Maltrattamenti a minorenni Però era tutto falso Scagionato un operatore
Sberle, spintoni, punizioni come andare a letto senza la cena o la minaccia di separare fratello e sorella: in totale venivano contestati sette presunti episodi di abuso dei mezzi di correzione a danni di tre minori ospitati in una struttura di accoglienza. Le accuse mosse ad un operatore erano pesanti, anzi infamanti per chi ha dedicato la vita ad assistere con passione bambini e ragazzi minorenni in difficoltà. Ma erano sprattutto accuse del tutto infondate, un castello di carte che è crollato sotto i colpi delle indagini difensive condotte dagli avvocati Marco Zanella e Maria Cristina Osele. Alla fine è stata la stessa procura a chiedere, ed ottenere dal gip, l'archiviazione del procedimento penale. Si è scoperto infatti che le accuse erano frutto di manipolazioni e suggestioni, almeno in parte orchestrate da genitori in conflitto con l'operatore e più in generale con la struttura di accoglienza "Don Guetti" dell'Associazione provinciale per i minori Appm). L'indagine ha messo in evidenza le stringenti procedure di verifica e monitoraggio sui minori che in questo caso hanno funzionato anche a tutela di un dipendente ingiustamente accusato.

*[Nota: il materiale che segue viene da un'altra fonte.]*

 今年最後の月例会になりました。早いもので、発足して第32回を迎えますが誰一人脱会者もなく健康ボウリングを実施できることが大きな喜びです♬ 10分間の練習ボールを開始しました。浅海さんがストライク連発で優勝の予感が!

La vicenda è delicata. Restiamo dunque ancorati ai fatti, così come emergono dagli atti del procedimento penale. Il primo fatto è l'esposto presentato nel dicembre del 2017 dal Comitato difesa bambini e famiglia. Nella denuncia si segnalavano all'autorità giudiziaria «maltrattamento, percosse, lesioni, minacce, ricatto, terrorismo psicologico, estorsione e persecuzione contro i minori». Le indagini si chiudevano nel luglio scorso con l'invio ad un operatore della struttura di un avviso di deposito atti per abuso dei mezzi ci correzione. Il capo di imputazione citava sette presunti episodi di violenze, a livello fisico o psicologico, a danno di tre minorenni. Tre episodi avrebbero visto come protagonista una ragazzina di 14 anni: durante una gita al lago l'operatore le avrebbe scagliato addosso uno zaino; in altre occasioni di fronte alle intemperanze della minore (punite con una settimana senza tv) questa sarebbe stata presa per il collo e trascinata in camera, oppure spinta fino a sbattere la tesa contro un muro. Il capo di imputazione citava anche presunte violenze subite da altri due bambini, fratello e sorella: si parlava di schiaffi, lanci in acqua in piscina, minacce di separare fratello e sorella.

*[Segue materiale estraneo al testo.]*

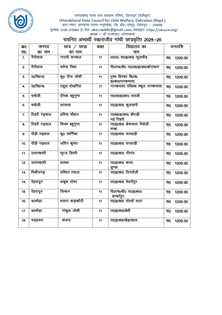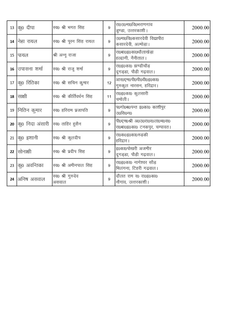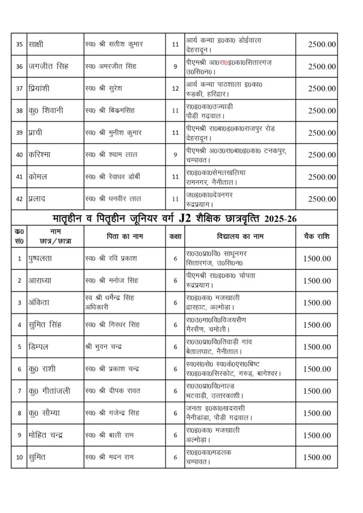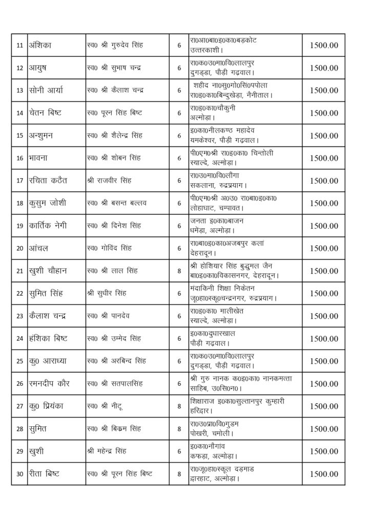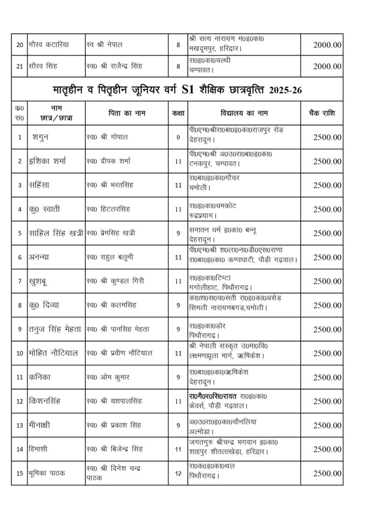 This year also, Uttarakhand State Child Welfare Council, Dehradun is providing educational assistance to motherless and fatherless students studying in government and aided non-government schools, who are not getting educational assistance from other sources.

L'operatore indagato ha sempre respinto tutte le accuse. Determinante è stata la ferrea organizzazione che si è data l'Appm: gli operatori lavorano in equipe, mai da soli tranne di notte, e sono affiancati da volontari in servizio civile. Costante è il confronto anche con gli assistenti sociali. Ogni minore è seguito passo a passo attraverso un monitoraggio quotidiano con valutazioni date da due diversi operatori. Inoltre durante ogni turno viene compilato un "diario giornaliero" che registra tutto quanto accade. C'è dunque un sistema di controlli incrociati che "fotografa" i progressi (ma anche eventuali malesseri) di ogni minore ospitato dalla struttura. Tutto ciò viene riconosciuto dalla stessa pm nella richiesta di archiviazione in cui rileva anche «chiare problematiche di "ingerenza" esterna nel lavoro della equipe e quindi dei singoli operatori».

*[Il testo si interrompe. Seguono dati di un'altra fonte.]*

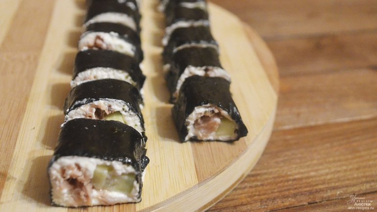 Выложить на нори тонкий слой творога так, чтобы с одной стороны остался сантиметрик. Сверху выложить начинку, на ближний к вам край листа. С помощью циновки сверните ролл. Намочите край нори, чтобы ролл хорошо скрепился. И всё, готово - наслаждайтесь)

Questa mole di documenti è stata fondamentale per i legali dell'operatore indagato perché ha permesso di smontare le accuse di ognuno dei sette episodi contestati. In alcune occasioni l'operatore non era neppure stato presente al fatto; in altre gli episodi descritti erano avvenuti in modo radicalmente diverso. E così, per esempio, il lancio del bimbo in piscina in realtà era il tuffo che il solerte operatore faceva fare dalle sue spalle a tutti i bambini. L'unica occasione in cui l'operatore ha toccato la ragazzina è stato per impedirle di scappare dalla finestra, rischiando di farsi molto male. Il quadro disegnato dagli avvocati difensori e dall'indagato durante un interrogatorio durato 4 ore era molto diverso da quello tracciato dalla querela. Come scrive la pm, ci sono «da un lato i minori (omissis) i quali, separati dalle famiglie di origine e dai loro principali affetti, si trovano catapultati in ambienti e famiglie che, sebbene tutelanti, rischiano di creare automatiche difficoltà di adattamento (soprattutto se nelle famiglie di origine manca la fiducia nell'operato dei servizi sociali) e, dall'altro, gli sforzi degli educatori i quali, a fronte dei disagi dei minori hanno l'arduo compito di supportare i ragazzi in un momento critico della loro giovane vita».